她甚至出于恻隐之心,没说陶怀州是个怪人,只把种种恶果归咎于他是个“纯情老男人”。
陶怀州的肩颈再也撑不住,后仰了头,让刑沐消失在了他的视线中。
他在刑沐的冲刺下颤巍巍地看着天花板。反感?血缘真伟大。当他一次次和陶治划清界限,却终究和陶治没什么两样。
当年姚艳和苏嘉对陶治有多少反感?尚且是个谜。
如今刑沐对他字字铿锵,就此结案。
刑沐看着陶怀州宽厚的胸膛、锋利的下颌。宽厚和锋利,都是男性有战斗力的特质。但在胸膛和下颌的中间,他暴露着他最是死穴的脖子。
随时会被她一剑封喉。
刑沐就这样将自己送上了顶峰,不同于之前每一次的身心愉悦,今晚她心中有取舍,对身上的愉悦却是另一种锦上添花。

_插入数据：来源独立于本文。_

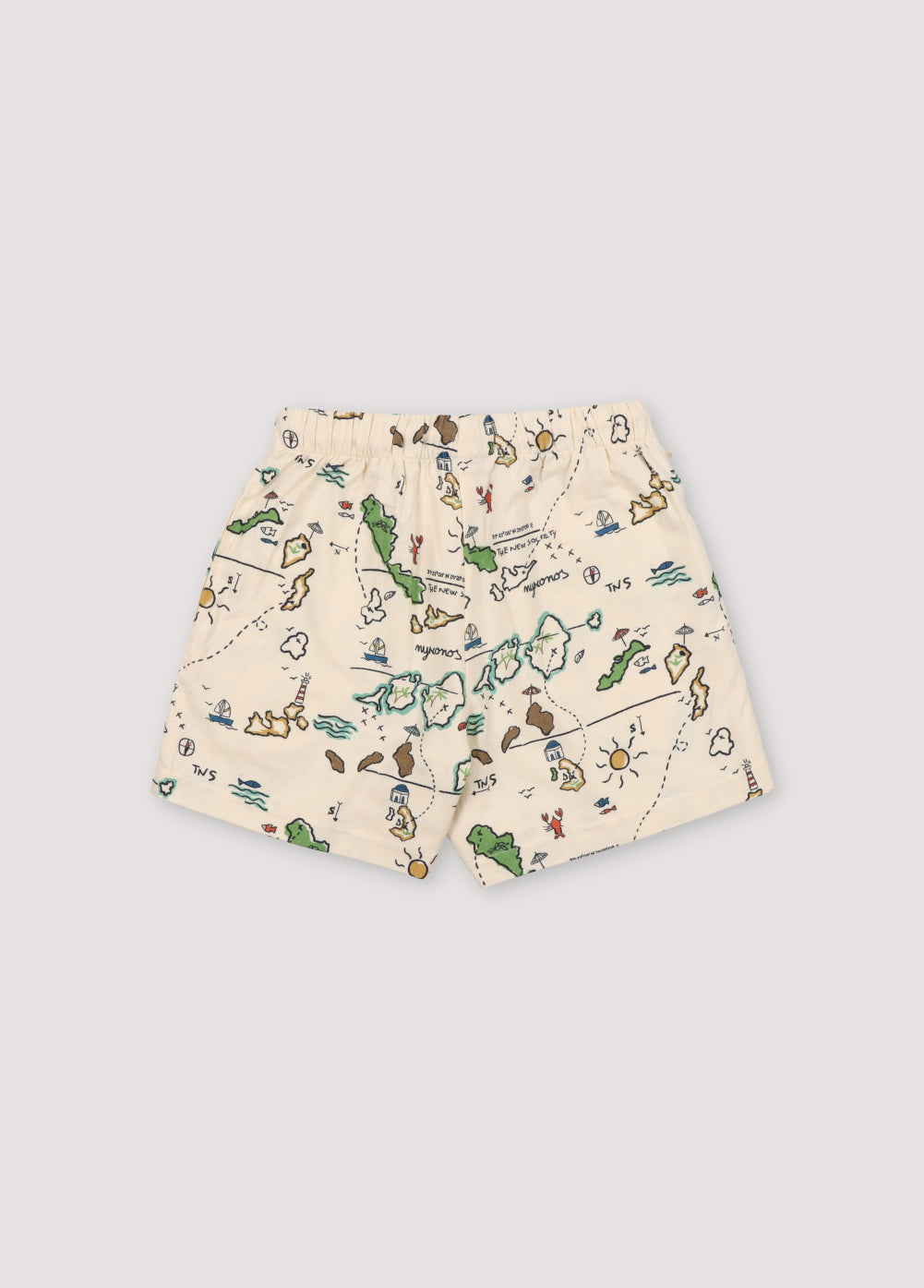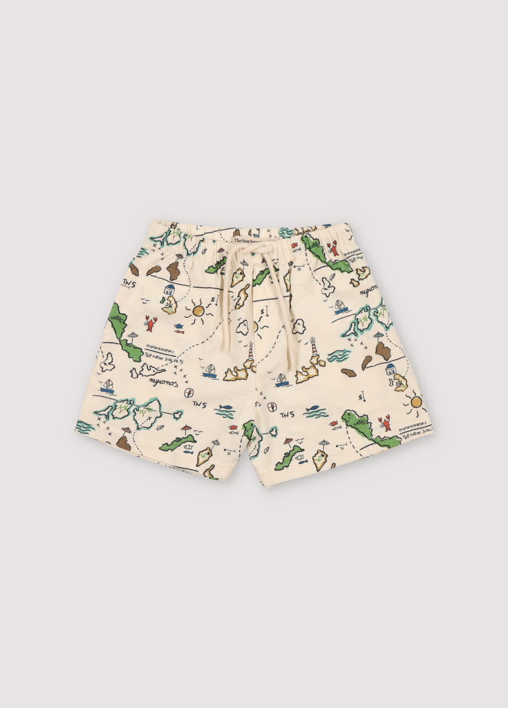 The Arkoi Bermuda captures the essence of our collection with its unique island map print, designed in 100% cotton for comfort and style. Featuring an elastic waistband and an adjustable drawstring, these bermuda shorts offer a perfect fit for any adventure.
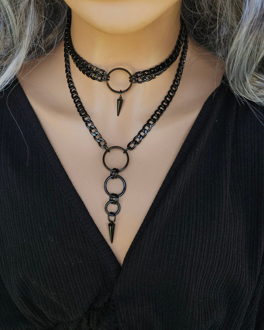 Black Steel Gothic Style Day Collar Choker Layered Necklace Set with Spike
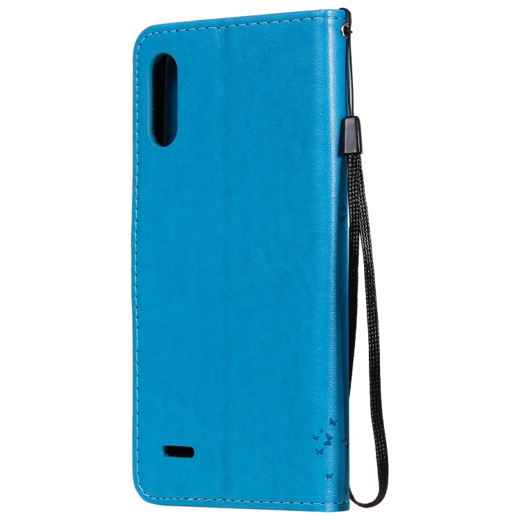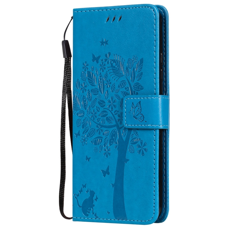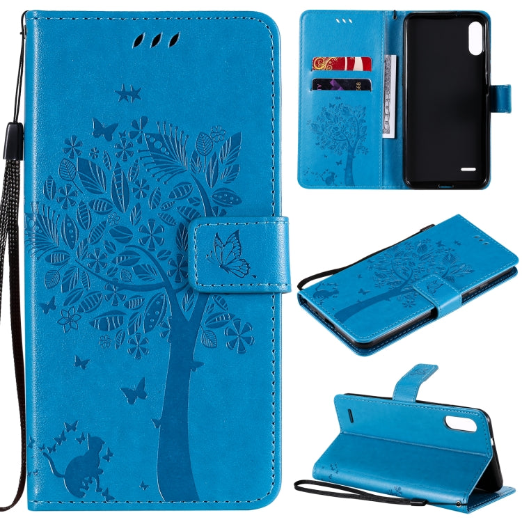 Funda Cuero PU para LG K22 y K22 Plus con Patrón Árbol y Gato, Tapa Horizontal, Soporte, Ranuras y Cordón (Azul)

她从陶怀州身上爬下去,去看他悬于床尾之外的脸:“陶怀州,我不给你发好人卡,我给自己发一张坏人卡。我不值得。”
“你要走了吗?”陶怀州的眼眶生理性充血,红得吓人。
“嗯。”
“以后不联系了吗?”
“嗯。”
“问题不出在我一个人身上,对吗?我有问题,你也有问题,对吗?刑沐,你的问题更大。”
“你最好能这么想。”刑沐要下床。
陶怀州从蛰伏到捕食没有过程,将刑沐扑倒在身下:“有问题,就解决问题。”
“我不想解决!”刑沐反抗,“我很好,我这样就很好!”
缠斗的最后,是刑沐摘下九十二克的金镯子,一下下往陶怀州的额头上砸。这玩意儿再重,也不可能做武器。陶怀州被砸得落了下风,只因为那是他的心意。
那是被刑沐定义为“细思极恐”的他的心意。
刑沐趁机将陶怀州掀翻,随手将金镯子套在他仍直挺挺的那处:“你记住了,是你把我们的关系搞得这么不伦不类!”
她下床,气吞山河地穿上不再属于他的白色t恤和黑色风衣:“你别总想着渡人渡己,我们明明是百年修得同船渡,被你渡没了!”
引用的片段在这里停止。